Девочка, зарыв ногу в песок, старательно мастерит над ней маленький домик.
— Смотри у меня; если ты плохо получишься, я тебя разломаю! — говорит она своему домику.
И, ласково похлопывая рукой по мокрому песку, девочка поправляет свое сооружение. «В этом домике построю печку, — думает она, — и домик будет совсем-совсем мой. А Мано́хар?.. Ну нет, он не будет жить в моем домике, он останется здесь и будет носить листья для очага. А когда он очень устанет и хорошенько попросит меня, тогда я пущу его в свой дом…»
Манохар между тем продолжал играть у воды, совсем не догадываясь о том, какая участь его ожидает.

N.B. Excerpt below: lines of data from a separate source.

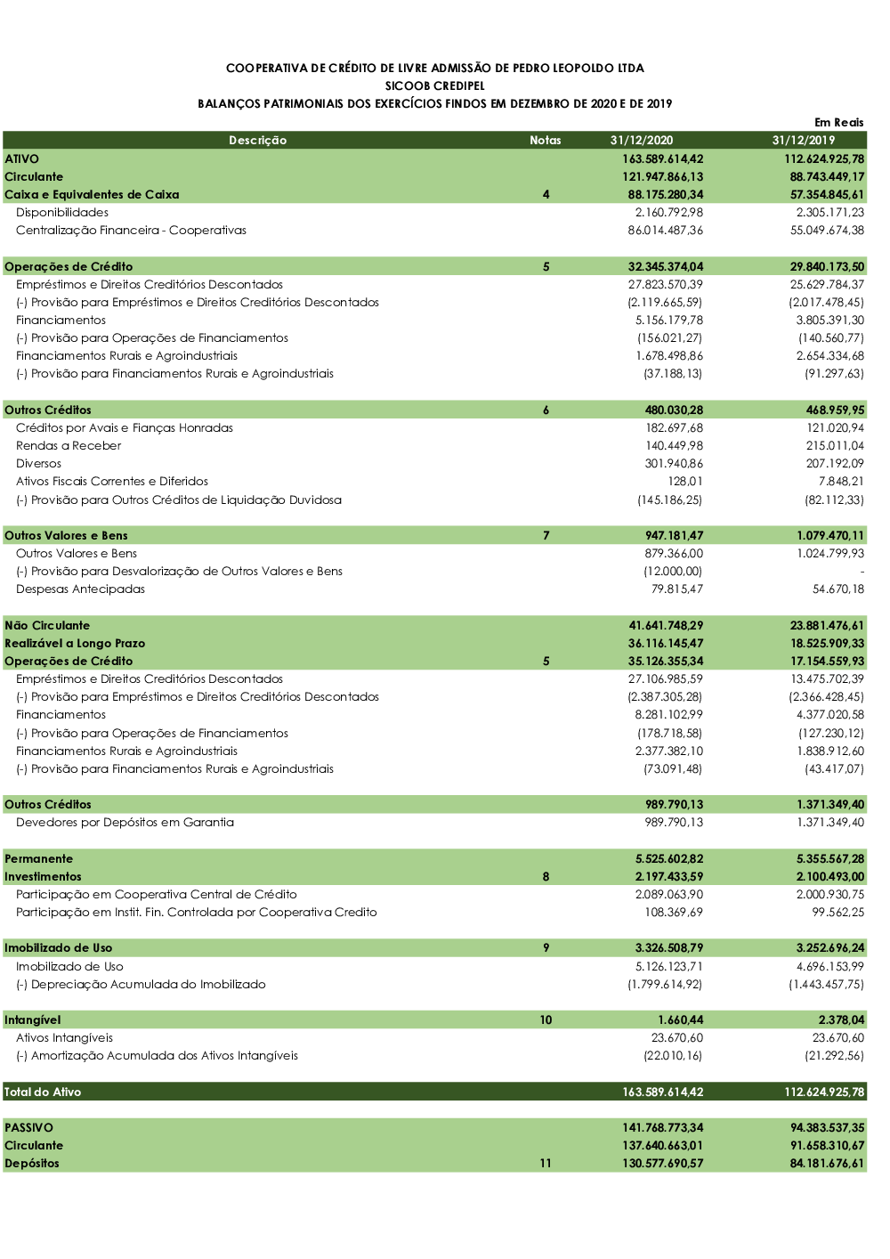 - BALANÇOS PATRIMONIAIS DOS EXERCÍCIOS FINDOS EM DEZEMBRO DE 2020 E DE 2019
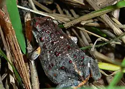 Bibron's toadlet or brown toadlet (Pseudophryne bibronii) is a species of Australian ground-dwelling frog that, although having declined over much of its range, is widespread through most of New South Wales, Victoria, south-eastern Queensland, and eastern South Australia, including Kangaroo Island.[2] Bibron's toadlet settles in a wide variety of habitats within these region but they mainly reside in dry forests, woodland, shrubland, grassland, coastal swamps, heathland, and sub-alpine areas.[3] They deposit their eggs in leaf litters during the flooding season, which is essential for the proper development of the egg. This species has high sexual dimorphism within the species and utilizes chemosignals to attract potential mates.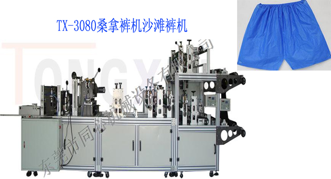 沙灘褲機(jī),桑拿褲機(jī),平腳褲機(jī),采用超音波熔合技術(shù),從原材料送入到成形切斷至成品輸出,全制程自動化且產(chǎn)量極高。自動張力控制系統(tǒng)!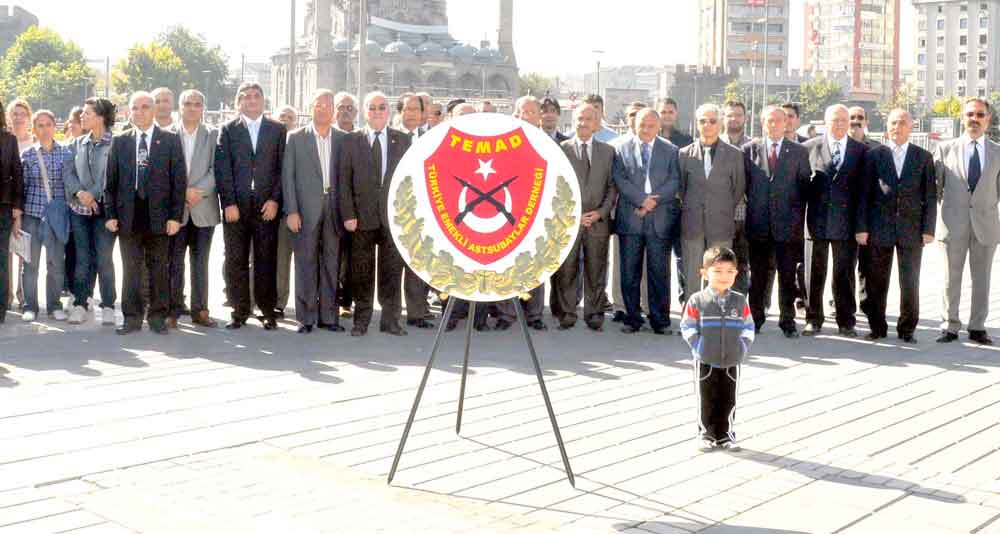 Kutlama programı kapsamında Şube Başkanı Burhan Pişkin ve dernek üyeleri, Cumhuriyet Meydanı'ndaki Atatürk Anıtı'na çelenk sunarak, saygı duruşunda bulundu.
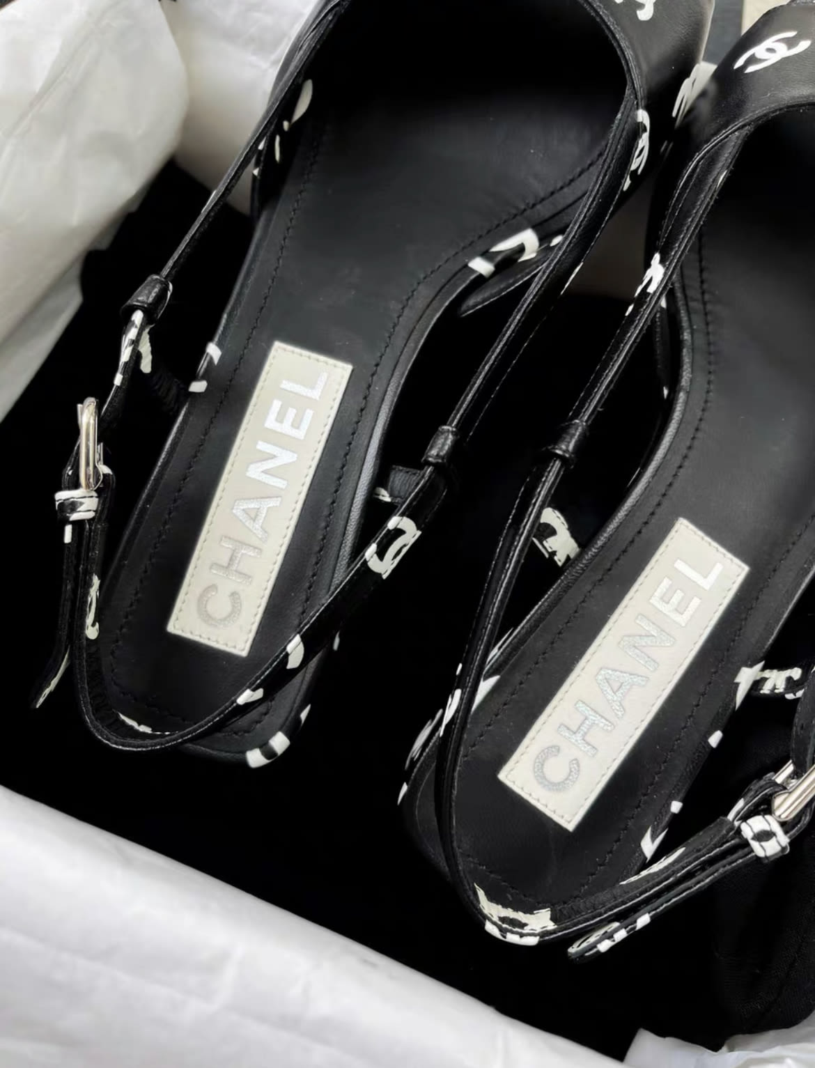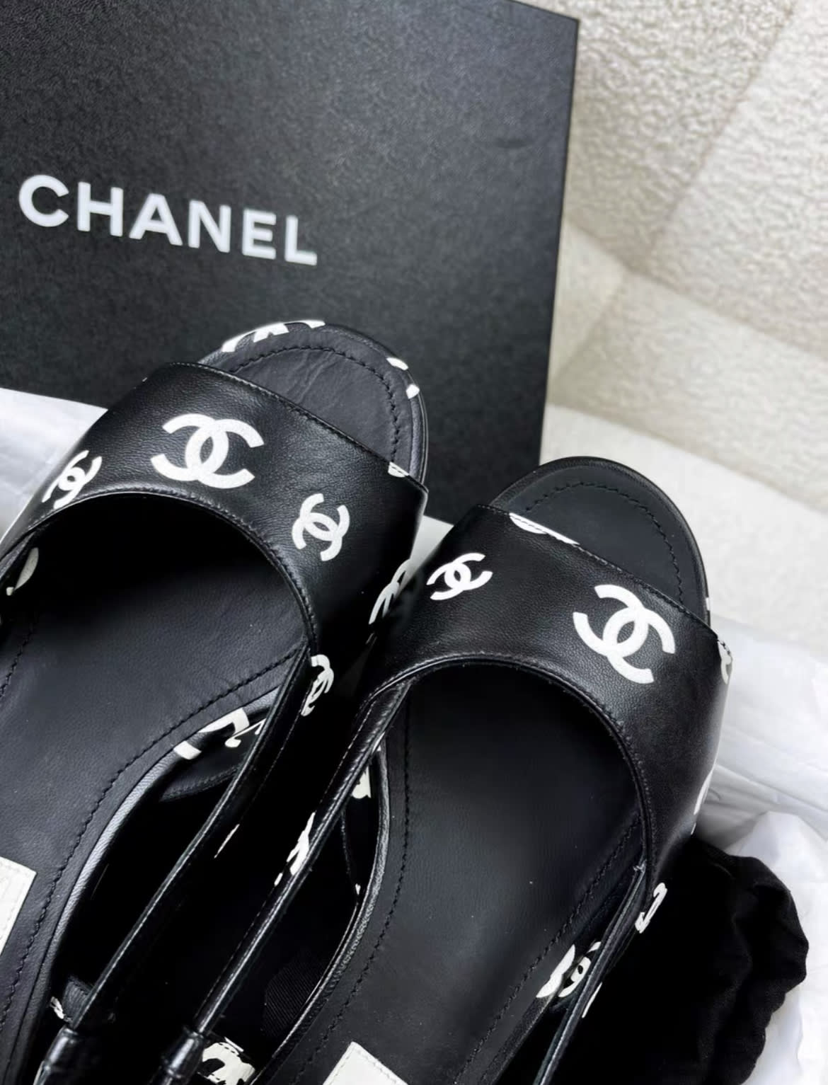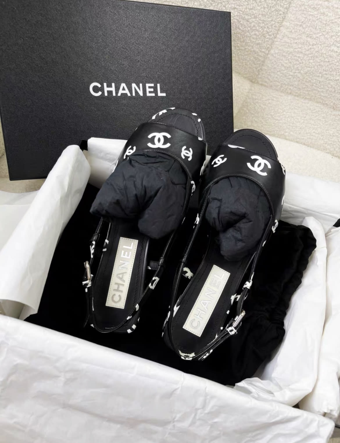 Chanel 22S Black and White Double C Full Logo Slingback sandals

«Манохар очень хороший мальчик, — думает девочка, — только он большой драчун, все время пристает ко мне. Если и сейчас он будет вести себя плохо, я ни за что не пущу его в свой домик. Пусть сначала попросится и пообещает никогда не драться».
Девочку зовут Сурбала́. Ей идет седьмой год. Манохар на два года старше.
«Плита у моей печки будет очень горячей, — продолжает размышлять Сурбала. — Как Манохар будет жить здесь? Я-то смогу, а вот он сразу сгорит. Тогда я ему скажу: «Не ходи сюда, сгоришь — плита вон какая горячая». А что, если он не послушается и все-таки придет? «Остановись, — скажу я ему, — я сейчас выйду из домика». А что, если он заупрямится?.. Ну конечно, заупрямится. Ведь он очень упрямый… Нет, я все равно не пущу его сюда — сгорит, бедняжка, и все тут. А будет очень упрашивать — оттолкну и скажу: «Ты здесь сгоришь».
Ей очень нравится думать обо всем этом. Но неожиданно на ее лицо набегает черное облачко грусти. Ей отчетливо представляется грустная картина: она изо всех сил толкает Манохара, тот падает и домик под ним рушится.
Работа близится к концу. Еще две пригоршни песку, и домик готов. С величайшей осторожностью, будто стараясь не разбудить спящего ребенка, Сурбала медленно вытаскивает из-под домика ногу и в последний раз приглаживает руками созданное ею сооружение. Убедившись, что все в порядке, она даже подпрыгивает от радости. Сурбала решает позвать ничего не подозревающего Манохара: пусть поглядит на постройку, сделанную с таким необыкновенным искусством. Но глупый мальчик все еще барахтается в воде, даже не оглядываясь на нее. А ведь ему вряд ли приходилось когда-нибудь видеть такой домик.
«Нет, не буду пока звать, — думает Сурбала. — Сначала дострою домик». Взяв горсть песка, она осторожно усовершенствует свое сооружение.
Наконец все готово. Еще раз припомнив, какой должен быть настоящий дом, девочка всплескивает руками. Откуда же будет идти дым? Немного подумав, она ломает прутик и втыкает его в песок. Теперь ее домик совсем готов, самый красивый дом в мире.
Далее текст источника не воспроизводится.